Md. Educator Named 2014 National Teacher Of The Year

It's that time of year again: school is winding down and students are almost out for the summer. But that also means it's time for the National Teacher of the Year award to be given to one outstanding educator.


Meet Sean McComb, an English teacher at Baltimore's Patapsco High School and Center for the Arts. At just 30 years old, he's one of the youngest ever to win the award.

In a video posted on the Teaching Channel, McComb talks about how he's able to use his difficult childhood experiences to relate to some of his students who are now going through similar situations.

'I grew up not knowing when the money was going to run out."

One of those students is Brandy, a teen mom who was kicked out of her home. She was planning to quit school, but McComb convinced her to continue her education.

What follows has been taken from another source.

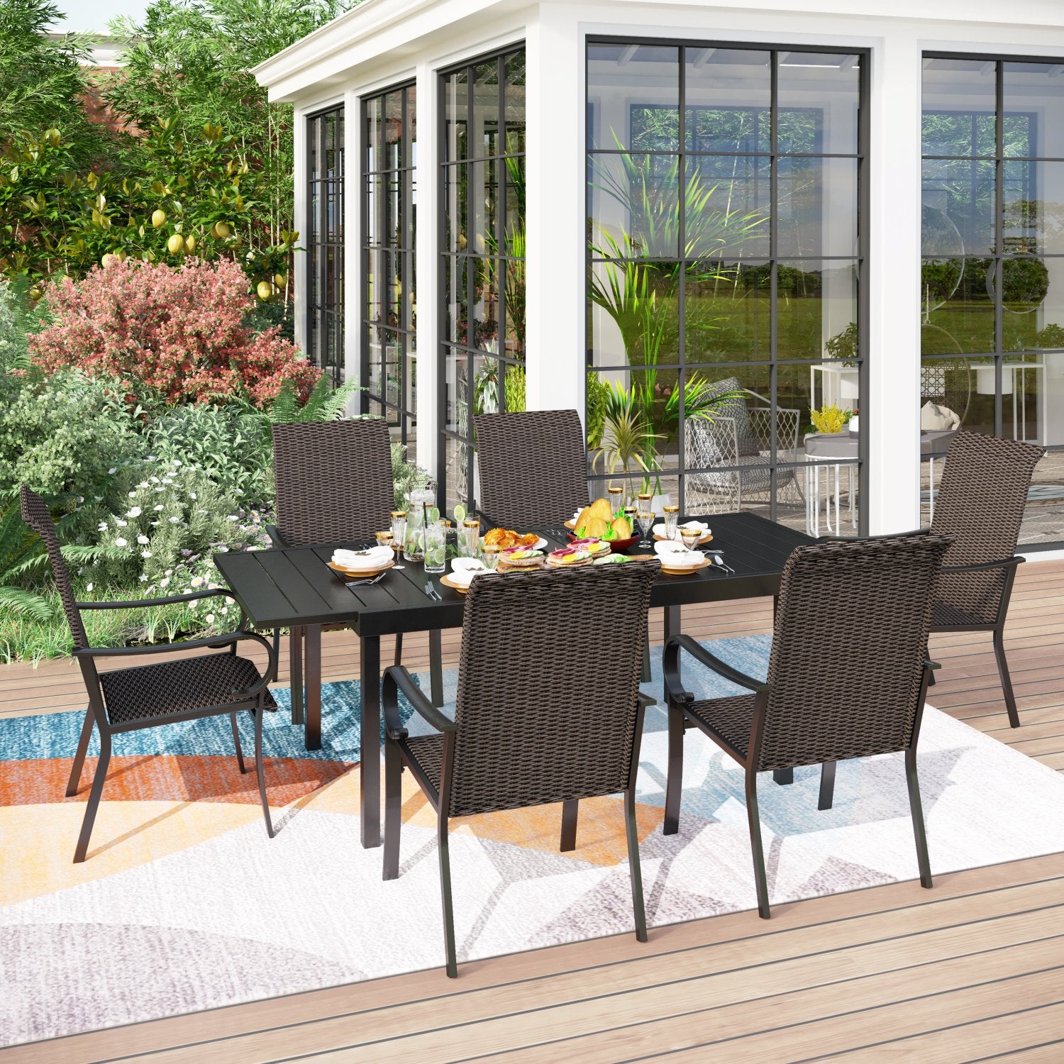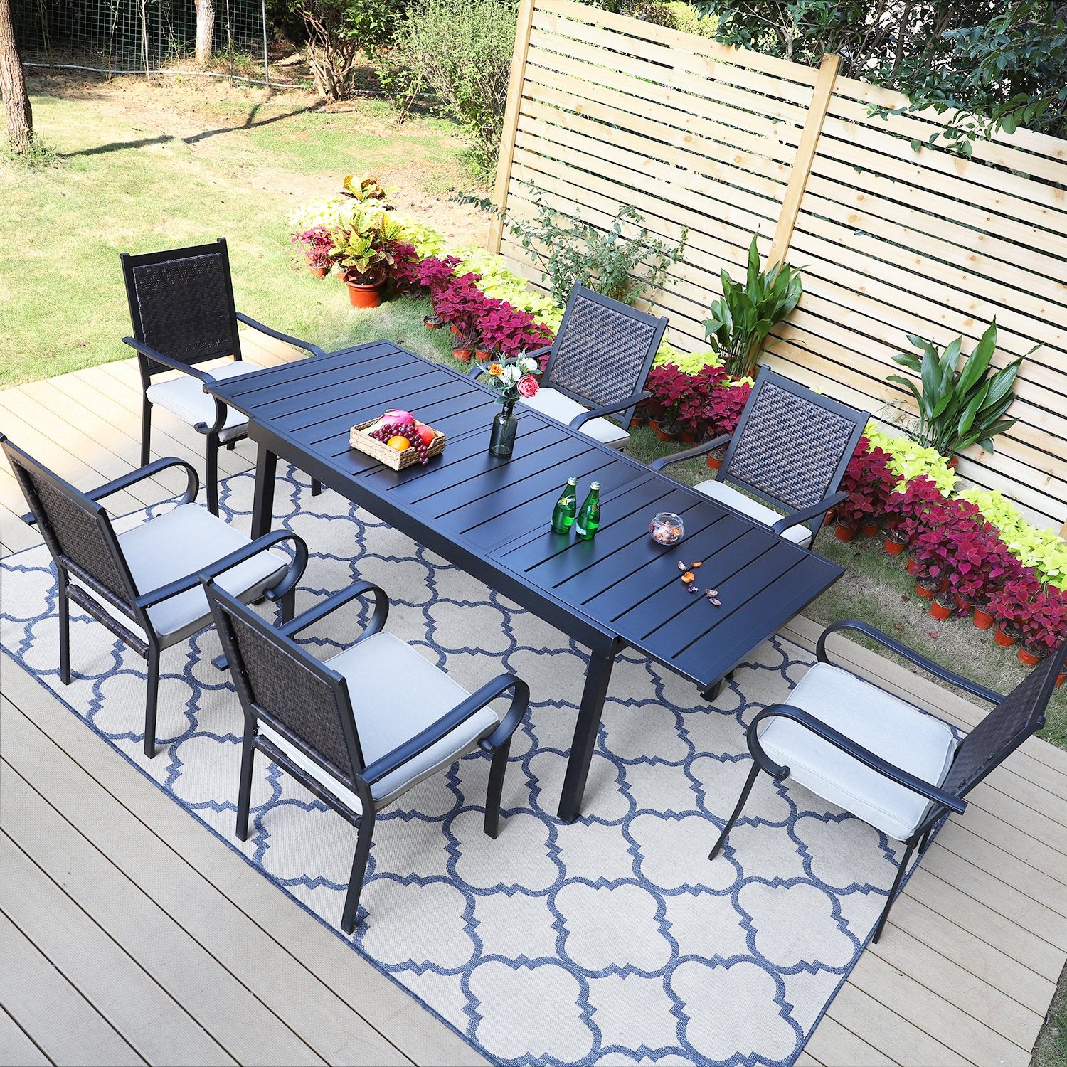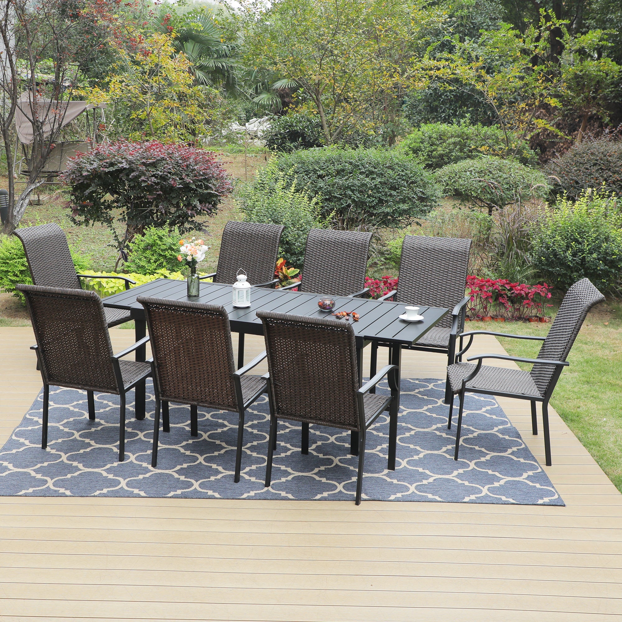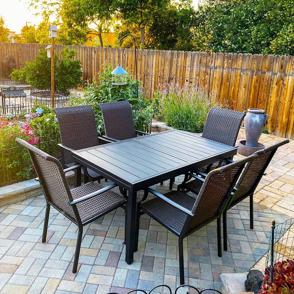 7-piece/ 9-piece Patio Dining Set Rattan Dining Chairs with Extendable Table

'He's like a hero because without him I wouldn't be sitting here today. I really wouldn't."

"I think Brandy and I were brought together because we needed each other. Because Brandy has restored my hope in the resilience of the human spirit."

McComb was named Maryland Teacher of the Year last October.

In a press release, the State Superintendent of Schools Lillian Lowery said McComb was chosen because he "personifies the cutting edge Maryland educator. He is an energetic instructor, making certain his students set goals, commit to those targets, succeed, and move forward toward college or career."

That means McComb was automatically in the running for the National Teacher of the Year award. But the process wasn't a walk in the park - McComb had some homework to do.

He had to fill out a written application, get letters of recommendation and write eight essays on topics such as personal teaching philosophy and issues facing education.

And in December, McComb was announced as one of the four finalists up for the big award.

The Washington Post says McComb just recently found out he won the title. He was actually holding his then-11-day-old son Silas when the call came through.

McComb will now put aside his teaching duties for a year and travel around the world as an advocate for education.